(Exercise objective): Copy every record word for word. Pictures are not part of the copy.

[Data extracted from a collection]
··········

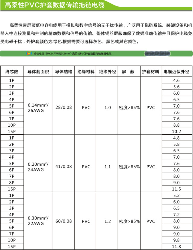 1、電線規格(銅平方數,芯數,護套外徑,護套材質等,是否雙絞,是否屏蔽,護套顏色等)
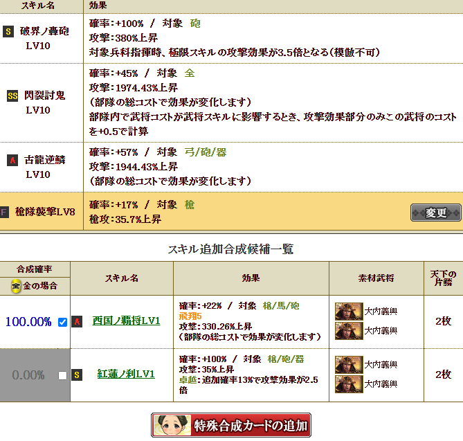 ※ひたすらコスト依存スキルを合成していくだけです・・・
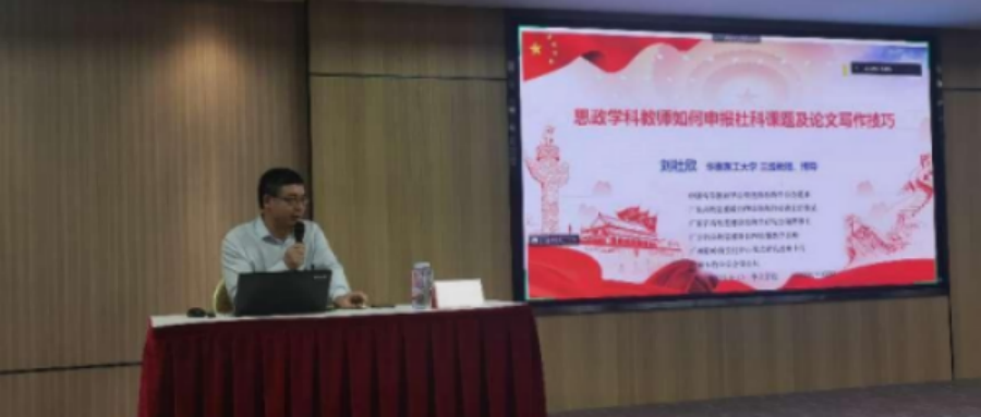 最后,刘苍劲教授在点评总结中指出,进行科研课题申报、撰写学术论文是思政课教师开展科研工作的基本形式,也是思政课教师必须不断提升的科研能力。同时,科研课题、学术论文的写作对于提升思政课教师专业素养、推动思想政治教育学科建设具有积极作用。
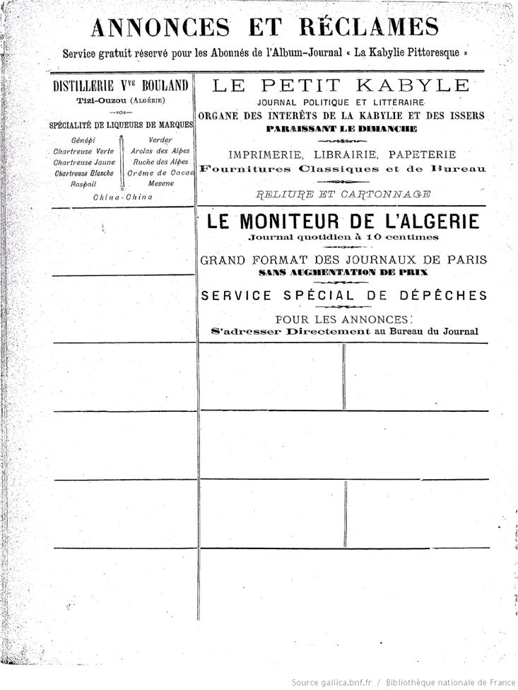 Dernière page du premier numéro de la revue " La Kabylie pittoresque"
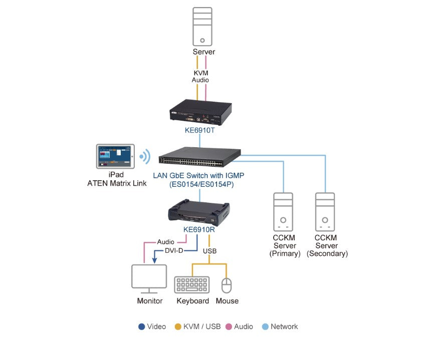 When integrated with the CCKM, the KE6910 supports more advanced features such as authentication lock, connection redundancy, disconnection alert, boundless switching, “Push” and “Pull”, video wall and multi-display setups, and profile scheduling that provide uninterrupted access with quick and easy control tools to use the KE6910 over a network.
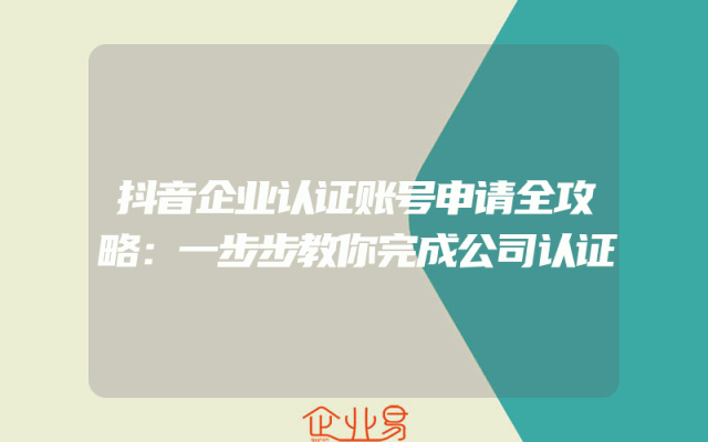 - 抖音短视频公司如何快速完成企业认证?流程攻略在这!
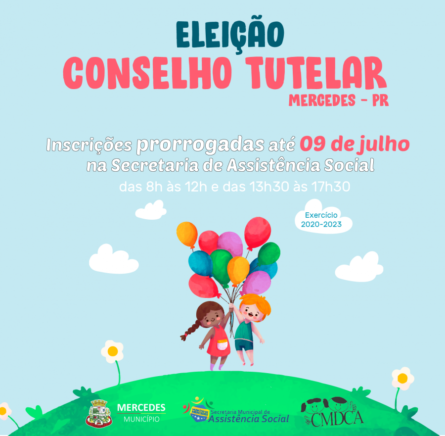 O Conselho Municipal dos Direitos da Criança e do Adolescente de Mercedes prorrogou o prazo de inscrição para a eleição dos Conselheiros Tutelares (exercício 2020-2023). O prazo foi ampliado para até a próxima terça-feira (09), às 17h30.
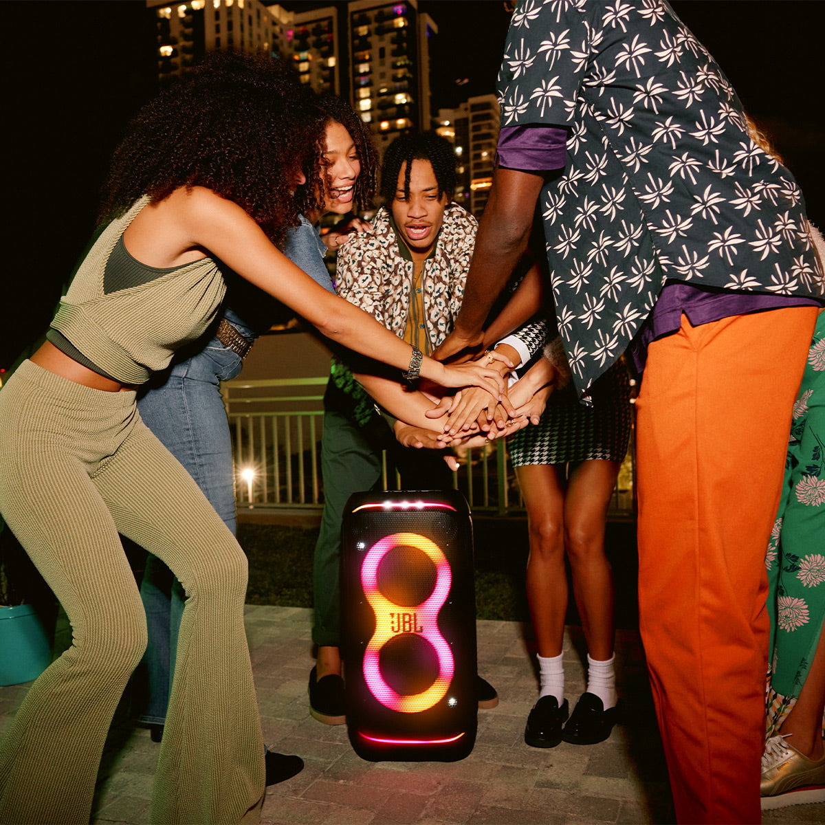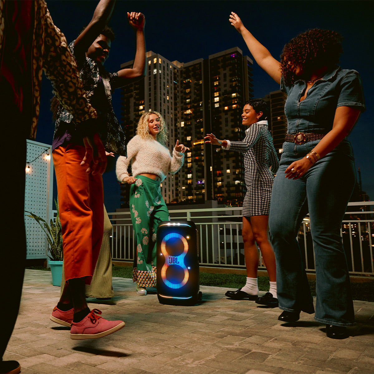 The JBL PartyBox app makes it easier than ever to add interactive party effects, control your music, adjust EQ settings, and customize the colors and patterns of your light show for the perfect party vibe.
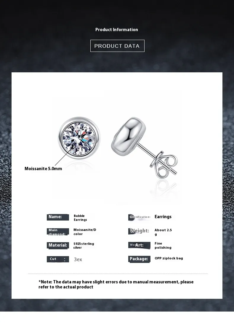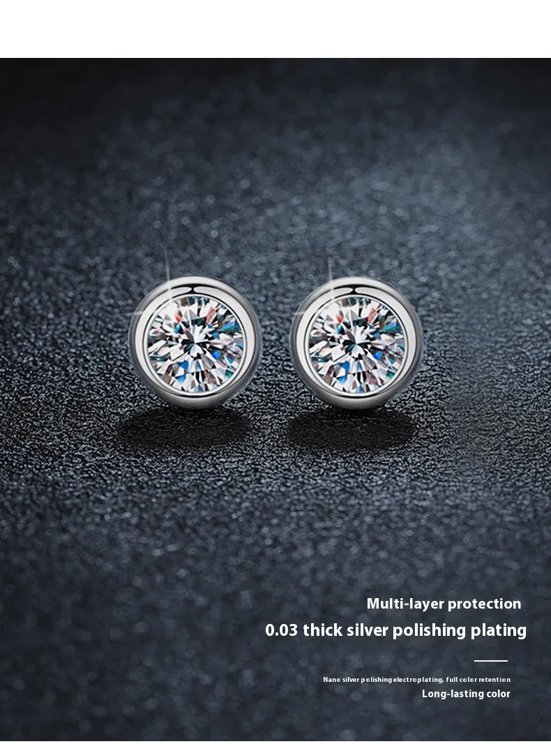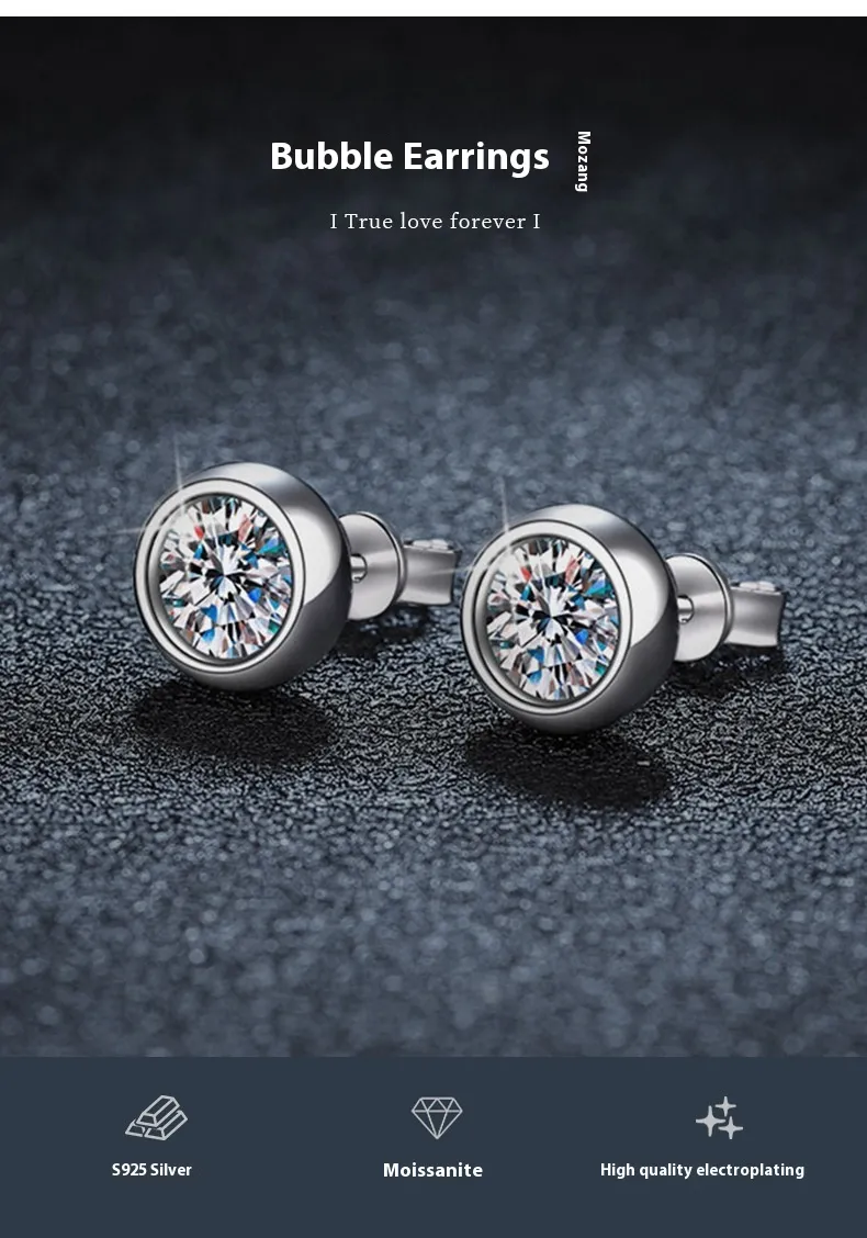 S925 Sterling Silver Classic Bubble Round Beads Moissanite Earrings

··········

(Response for this exercise):
 1、電線規格(銅平方數,芯數,護套外徑,護套材質等,是否雙絞,是否屏蔽,護套顏色等)
 ※ひたすらコスト依存スキルを合成していくだけです・・・
 最后,刘苍劲教授在点评总结中指出,进行科研课题申报、撰写学术论文是思政课教师开展科研工作的基本形式,也是思政课教师必须不断提升的科研能力。同时,科研课题、学术论文的写作对于提升思政课教师专业素养、推动思想政治教育学科建设具有积极作用。
 Dernière page du premier numéro de la revue " La Kabylie pittoresque"
 When integrated with the CCKM, the KE6910 supports more advanced features such as authentication lock, connection redundancy, disconnection alert, boundless switching, “Push” and “Pull”, video wall and multi-display setups, and profile scheduling that provide uninterrupted access with quick and easy control tools to use the KE6910 over a network.
 - 抖音短视频公司如何快速完成企业认证?流程攻略在这!
 O Conselho Municipal dos Direitos da Criança e do Adolescente de Mercedes prorrogou o prazo de inscrição para a eleição dos Conselheiros Tutelares (exercício 2020-2023). O prazo foi ampliado para até a próxima terça-feira (09), às 17h30.
 The JBL PartyBox app makes it easier than ever to add interactive party effects, control your music, adjust EQ settings, and customize the colors and patterns of your light show for the perfect party vibe.
 S925 Sterling Silver Classic Bubble Round Beads Moissanite Earrings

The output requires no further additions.